== Extracted entries

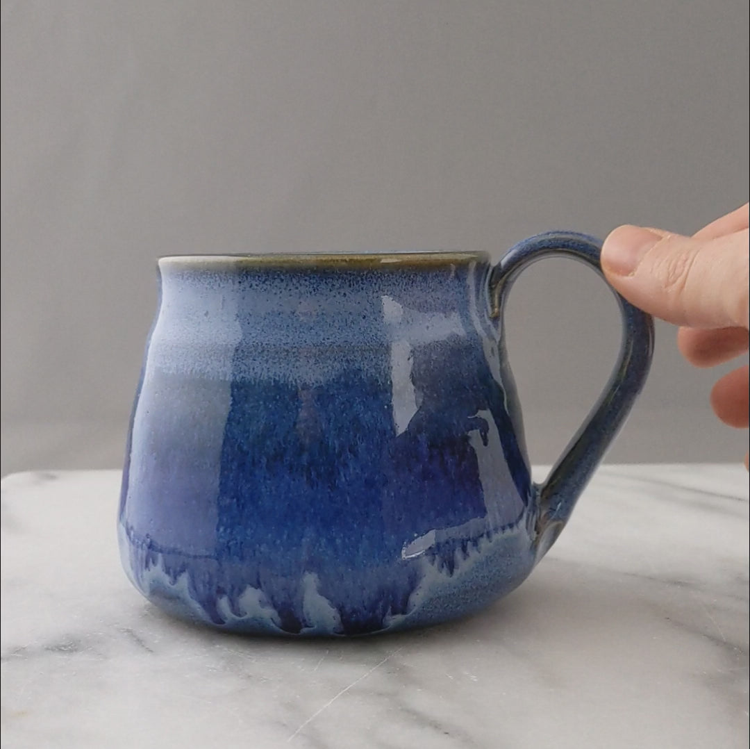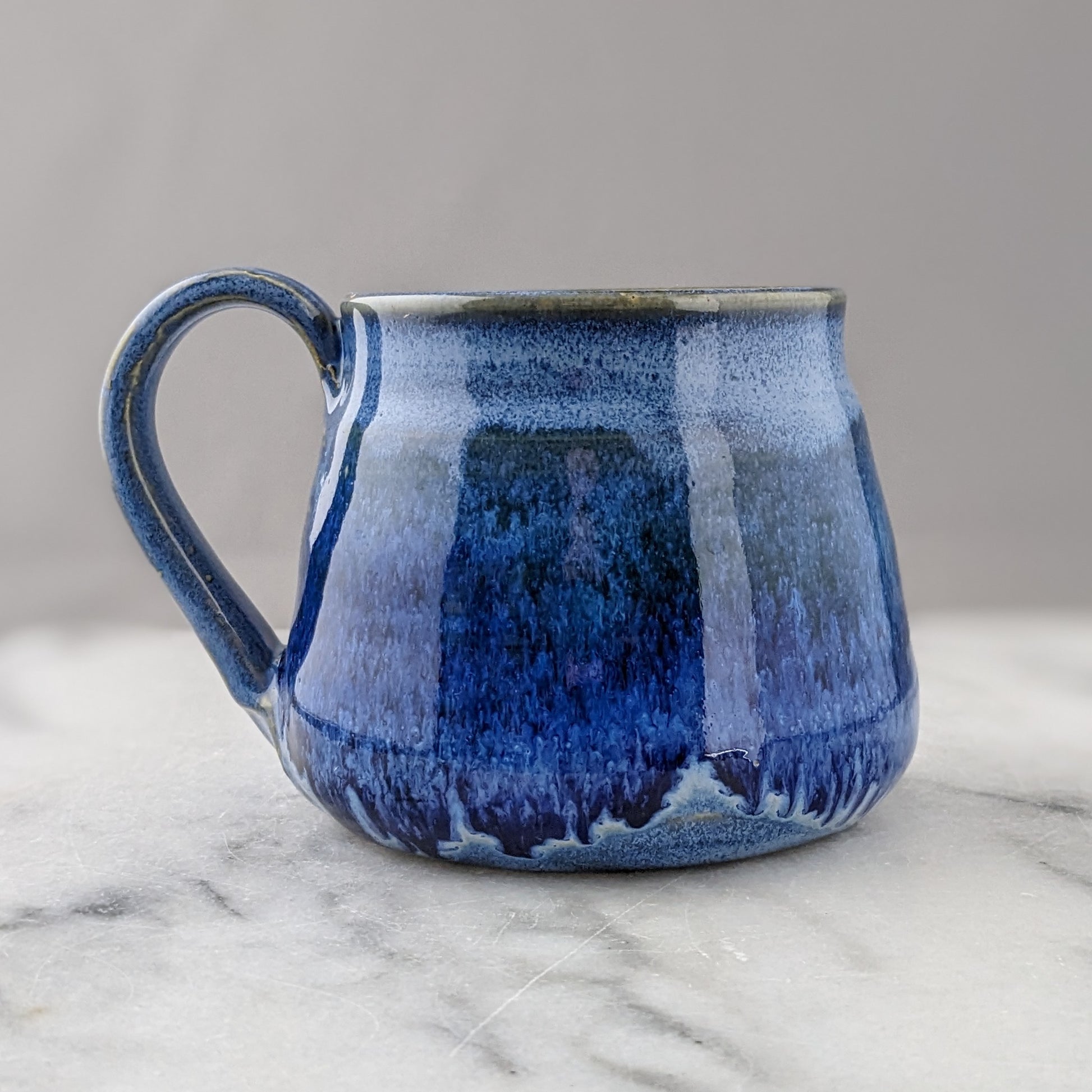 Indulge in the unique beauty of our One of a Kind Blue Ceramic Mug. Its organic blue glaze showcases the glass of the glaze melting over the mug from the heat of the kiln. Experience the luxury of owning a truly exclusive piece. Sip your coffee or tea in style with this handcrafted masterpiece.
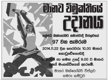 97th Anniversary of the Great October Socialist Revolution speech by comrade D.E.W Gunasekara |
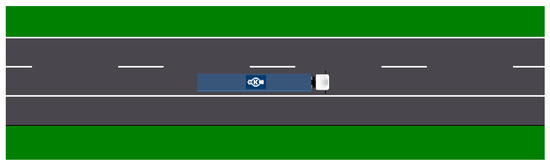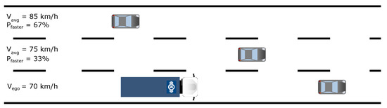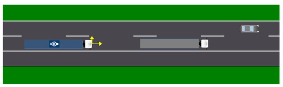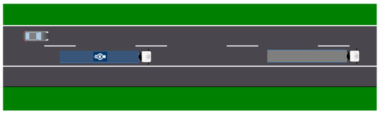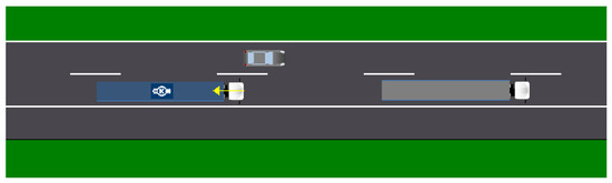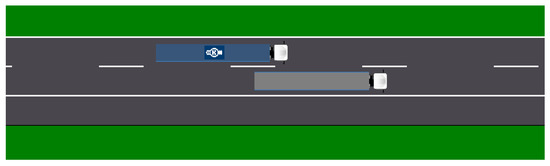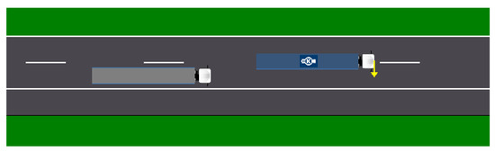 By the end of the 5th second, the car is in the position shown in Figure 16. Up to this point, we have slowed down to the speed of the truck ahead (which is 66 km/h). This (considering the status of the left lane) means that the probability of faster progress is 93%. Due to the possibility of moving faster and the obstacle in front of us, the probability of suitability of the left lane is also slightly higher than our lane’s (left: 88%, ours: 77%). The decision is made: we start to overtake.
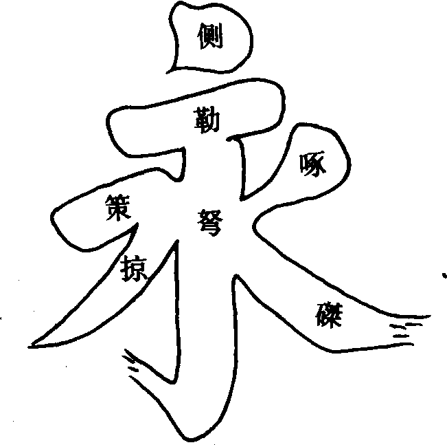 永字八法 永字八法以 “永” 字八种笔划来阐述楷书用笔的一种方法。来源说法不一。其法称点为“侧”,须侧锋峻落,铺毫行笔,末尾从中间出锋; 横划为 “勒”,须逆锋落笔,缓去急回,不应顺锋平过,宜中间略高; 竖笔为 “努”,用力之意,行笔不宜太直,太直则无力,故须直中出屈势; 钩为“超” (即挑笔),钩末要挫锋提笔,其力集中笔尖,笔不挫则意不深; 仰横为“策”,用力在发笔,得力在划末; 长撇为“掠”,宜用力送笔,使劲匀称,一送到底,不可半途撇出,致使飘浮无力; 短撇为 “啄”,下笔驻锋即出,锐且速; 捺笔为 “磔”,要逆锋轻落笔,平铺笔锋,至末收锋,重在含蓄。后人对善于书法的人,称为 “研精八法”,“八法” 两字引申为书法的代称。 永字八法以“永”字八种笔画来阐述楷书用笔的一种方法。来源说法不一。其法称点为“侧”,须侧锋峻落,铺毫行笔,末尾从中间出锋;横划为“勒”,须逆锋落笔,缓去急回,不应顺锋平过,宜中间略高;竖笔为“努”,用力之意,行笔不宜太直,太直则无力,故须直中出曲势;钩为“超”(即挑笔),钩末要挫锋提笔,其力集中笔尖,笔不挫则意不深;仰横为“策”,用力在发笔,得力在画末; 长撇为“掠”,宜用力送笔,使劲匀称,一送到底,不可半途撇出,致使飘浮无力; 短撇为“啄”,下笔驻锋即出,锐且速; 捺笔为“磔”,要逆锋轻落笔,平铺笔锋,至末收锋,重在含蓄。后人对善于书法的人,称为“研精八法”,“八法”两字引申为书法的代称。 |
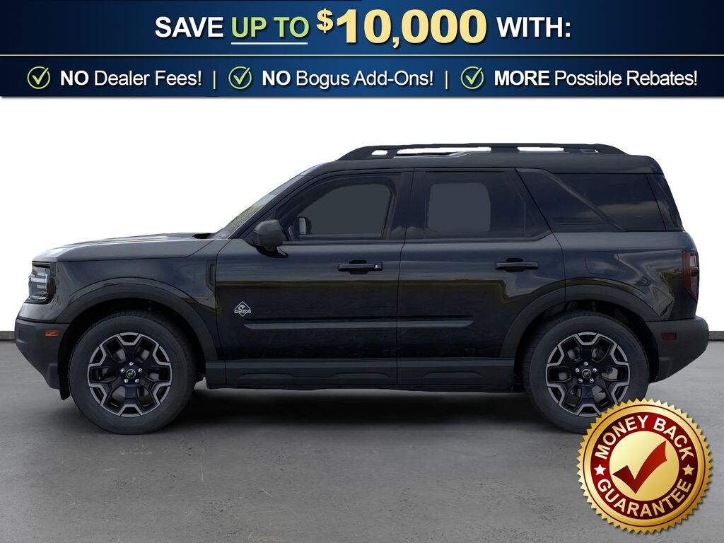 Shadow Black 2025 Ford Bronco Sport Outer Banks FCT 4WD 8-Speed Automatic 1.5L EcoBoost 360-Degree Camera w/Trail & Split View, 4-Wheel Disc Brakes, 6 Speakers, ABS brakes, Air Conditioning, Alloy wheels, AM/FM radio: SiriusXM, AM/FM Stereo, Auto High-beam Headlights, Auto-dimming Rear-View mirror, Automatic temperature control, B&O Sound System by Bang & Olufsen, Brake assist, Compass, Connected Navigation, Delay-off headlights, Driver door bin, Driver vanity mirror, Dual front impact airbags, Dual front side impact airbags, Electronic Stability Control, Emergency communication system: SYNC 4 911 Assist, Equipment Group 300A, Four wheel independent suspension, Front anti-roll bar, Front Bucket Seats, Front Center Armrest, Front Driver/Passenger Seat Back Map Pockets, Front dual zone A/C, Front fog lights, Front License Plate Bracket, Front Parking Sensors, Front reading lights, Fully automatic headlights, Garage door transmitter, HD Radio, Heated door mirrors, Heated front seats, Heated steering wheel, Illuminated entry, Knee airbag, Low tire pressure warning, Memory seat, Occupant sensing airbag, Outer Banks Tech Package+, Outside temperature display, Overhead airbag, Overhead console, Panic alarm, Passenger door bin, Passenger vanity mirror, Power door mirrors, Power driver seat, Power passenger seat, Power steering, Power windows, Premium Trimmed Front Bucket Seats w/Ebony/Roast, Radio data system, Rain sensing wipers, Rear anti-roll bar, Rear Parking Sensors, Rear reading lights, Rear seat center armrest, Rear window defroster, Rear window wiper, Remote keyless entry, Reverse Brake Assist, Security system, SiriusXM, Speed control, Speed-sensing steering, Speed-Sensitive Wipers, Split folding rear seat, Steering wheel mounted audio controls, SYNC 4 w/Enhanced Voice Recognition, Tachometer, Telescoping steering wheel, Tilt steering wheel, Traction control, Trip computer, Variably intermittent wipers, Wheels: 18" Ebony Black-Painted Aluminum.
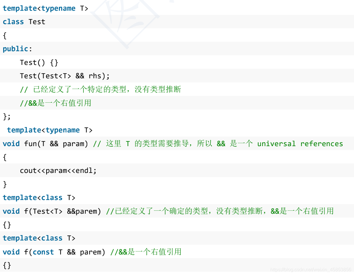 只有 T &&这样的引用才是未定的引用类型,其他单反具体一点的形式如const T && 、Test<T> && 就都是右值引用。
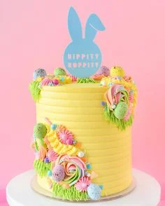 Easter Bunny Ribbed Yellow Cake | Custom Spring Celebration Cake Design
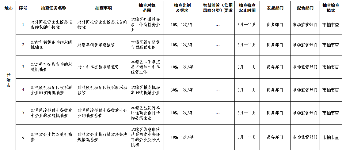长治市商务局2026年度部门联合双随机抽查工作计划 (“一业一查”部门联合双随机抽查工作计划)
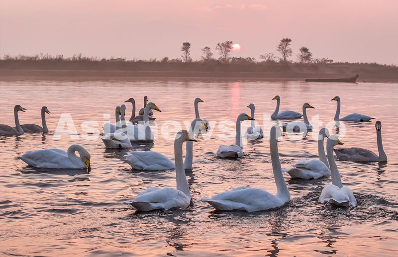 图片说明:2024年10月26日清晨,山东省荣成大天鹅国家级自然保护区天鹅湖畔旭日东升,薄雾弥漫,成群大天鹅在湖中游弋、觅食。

====

*What needs to be done*
The response must restate exactly the lines from the one containing "长治市商务局2026年度部门" through the end of the records above and must leave out all pictures.

*Result for this exercise*
长治市商务局2026年度部门联合双随机抽查工作计划 (“一业一查”部门联合双随机抽查工作计划)
 图片说明:2024年10月26日清晨,山东省荣成大天鹅国家级自然保护区天鹅湖畔旭日东升,薄雾弥漫,成群大天鹅在湖中游弋、觅食。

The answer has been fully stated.